いくら理論どおりに火系統を調節しても使えなかったわけだ。
この世界でのフレアは無属性魔法だったんだ。
高熱と光を発生させる魔法だが、火属性とはまるで異なる系統だった。
名前も少し違っていてな、フレアではなくフレアーが正式な名称だった。
ヴァナではフレアという名なんだがね。
それに・・今だから言えるが、ロゼッタ石にこだわっていたのもその為だ。
フレアを求めた時に、その所在こそ覚えていなかったが、
ルフェイン人の町にあると知った以上はロゼッタ石が必要になるのは覚えていたからな。」
(そんな・・・そんな・・・!)
今までの事、全ての話の筋が通ってしまっている。
いや・・今更疑う余地がない。

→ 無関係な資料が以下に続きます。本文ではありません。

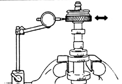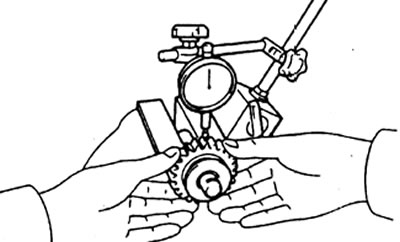 1. С помощью цифрового индикатора измерьте радиаkьный зазор промежуточной шестерни передачи заднего хода.

全ての真相を語られた。
それに、仮にこれらが実は全部マリリスの狂言だったとしても、
どっちみち今のあたしにはどうする事もできない。
やられた・・・こんな屈辱は初めてだ・・・。
忍「・・・じゃあさ、この後に起きる事って何?
ティアマットを倒し、4体のカオスが消滅しても世界は平和にならないの?」
(しまった・・・!
今それを答えられたら終わる・・・!)
黒「ああ・・
そこまで話すつもりだったが、どうやらその必要もなくなったようだ。」
黒がちらっとあたしの方を見る。
ニヤリ。としたようにも感じた。
『な、何・・?どういうことよ・・・?』
ナ「あ~なるほど、そうみたいだな。
そうだな、わざわざ聞くまでもない、か。」
ナイトがあたしのいる方に向かってくる。
剣を抜いている!
忍「え、えっ・・あ!
白・・さん・・・!?」
くそっ・・・この状況・・まずすぎる・・・。
(・・・いや・・・やめて・・・。)
こんなところで・・・・終わってたまるか・・・・!
つづく。
がんばれ白さん!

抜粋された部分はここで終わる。